Personalization is key

As oncologists have noted, treatment of cancer has been found to be effective using a personalized approach. Similarly, the medical community has found the idea of integrative medicine works on a person-by person basis.

“Different therapies work for different people,” says Dr. Brian Mannion, executive medical director of oncology at The Christ Hospital Health Network.

Beyond chemotherapy and radiation, patients there have access to yoga, Tai Chi, medical hand and foot massage, nutritional support, music and healing program, pet therapy, and more.

The opposite of sterile

The Alliance Institute for Integrative Medicine doesn’t look like a typical medical center. With a library, conference space, gift shop and empty waiting room (designed to not keep people waiting), it is a calming spot.

The examination rooms are similarly not the typical spare white rooms, but decorated to soothe. If a patient comes in with a headache, for example, they are not permitted to leave until the pain is gone.

Patient-driven

Other practitioners around town have developed their use of integrative medicine, in some cases sprouting from patient demand. The Christ Hospital is a good example, particularly for its oncology department. Nurses and doctors heard what patients were saying, or asking to receive as they under went cancer treatment.

To that end, Christ Hospital is in the midst of renovating their Cancer Center so patients’ experience will be enhanced, says Connie Cook, director of the Cancer Center at The Christ Hospital. In the new infusion area, which used to be a big room with many chairs, patients will have “neighborhoods” where they can get their treatments.

These are made up of nooks and crannies that will accommodate small groups or one or two people, as the patient prefers. Or they can choose a single-person alcove, Dr. Mannion says.

A new all-purpose activity room will accommodate classes on nutrition plus Tai Chi and yoga. All have become popular, especially when patients hit “survivorship mode,” Cook says.

Patients at this point may be feeling a little vulnerable after traditional treatments and regular appointments end. They may be feeling the delayed effects of radiation and chemo, and find these therapies help them manage emotional distress, Cook says.

“A lot of what we do is to improve patient experience, their emotions and well-being at a very stressful time,” says Dr. Mannion. “It makes them feel more in control.

“Certainly recovery from acute episodes seems to be faster,” he adds.

Oncology patient Cecile Walsh can attest to that. After the disease recurred for her in 2006, upping the level to a stage 4 metastatic breast cancer, Cecile really took to the additional therapies available at Christ.

“The nurses were very good about knowing what was important to me,” Cecile says of the environment when she came in for treatment.

Some people like a peaceful atmosphere, quiet, no TV, doors shut, but perhaps with music.

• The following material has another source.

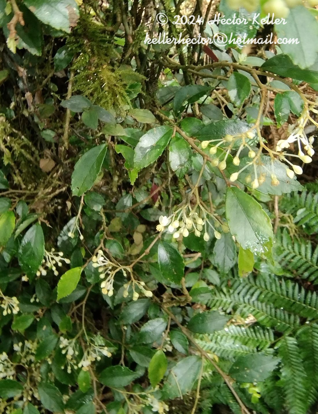 Subarbustos escandentes, creciendo sobre árboles o entre rocas y alcanzando hasta 2 m de alto, glabros. Tallos escandentes, subleñosos, estriados, muy ramificados, castaños, pubérulos cuando jóvenes, con tricomas simples, ferrugíneos. Estípulas triangulares o lanceoladas, de 0,4-1 × 0,1-0,3 cm, de base truncada, ápice mucronulado y margen entero, membranáceas, persistentes, erectas, glabrescentes. Pecíolos emergiendo a partir de los tallos, de 2-5,9 mm de largo, cilíndricos, glabros. Láminas enteras, basifijas, levemente asimétricas, elípticas o menos frecuentemente ovadas, de 4,5-8 × 1,5-2,5 cm, de base aguda o atenuada, ápice acuminado y margen aserrado y esparcidamente ciliado, papiráceas, cara adaxial verde, la abaxial verde o rojiza, penninervias. Cimas paucifloras a multifloras; pedúnculos de 0,5-2 cm de largo; brácteas 1 par, triangulares a lanceoladas, persistentes, de 3-8 × 1- 2 mm. Flores estaminadas con 4 tépalos blancos o verdosos, los externos ovados u obovados, de 3-5 × 2-3 mm, los internos elípticos u obovados, de 2-5 × 1-2 mm; bractéolas 1-3 pares, lanceoladas, de 2 × 1 mm, persistentes; estambres 10-20, ca. 3 mm de largo, filamentos libres, anteras elípticas u oblongas, ca. 1 mm de largo, introrsas. Flores pistiladas con 5 tépalos subiguales, imbricados, lanceolados, de 2-4 × 1 mm, blancos o verdosos; bractéolas 1-3 pares, lanceoladas, de 2-3 × 1 mm, persistentes; hipanto glabro; estilos de 4-5 mm de largo; ramas estigmáticas ca. 1 mm de largo. Cápsulas de 0,5-1 × 0,3-0,6 cm, placentas enteras; alas rudimentarias, semejantes entre sí. Semillas fusiformes.

Now on a regimen to receive an IV drug every three weeks, Cecile believes the hand and foot massage therapy she receives at the same time as her treatment helps her body to get the most out of the medicine.

“It’s been outstanding,” she says of the massage therapy. “It relaxes me, thus I feel you’re more open to the chemicals when your spirit is relaxed, too.

“I totally believe that integrative medicine and a holistic approach to cancer assists in the effectiveness of these drugs.”

The better question to ask

To improve overall health, “as an educated consumer, you have to figure out where and how to use these therapies,” Steve says.

Some may benefit from regular visits to the chiropractor, if, say, their work taxes their posture, by hunching over a keyboard.

He adds that people will go a long way on their own by examining their lifestyle, improving their diet and sleep patterns and adding such things as stretching and yoga, which they can access inexpensively on their computers.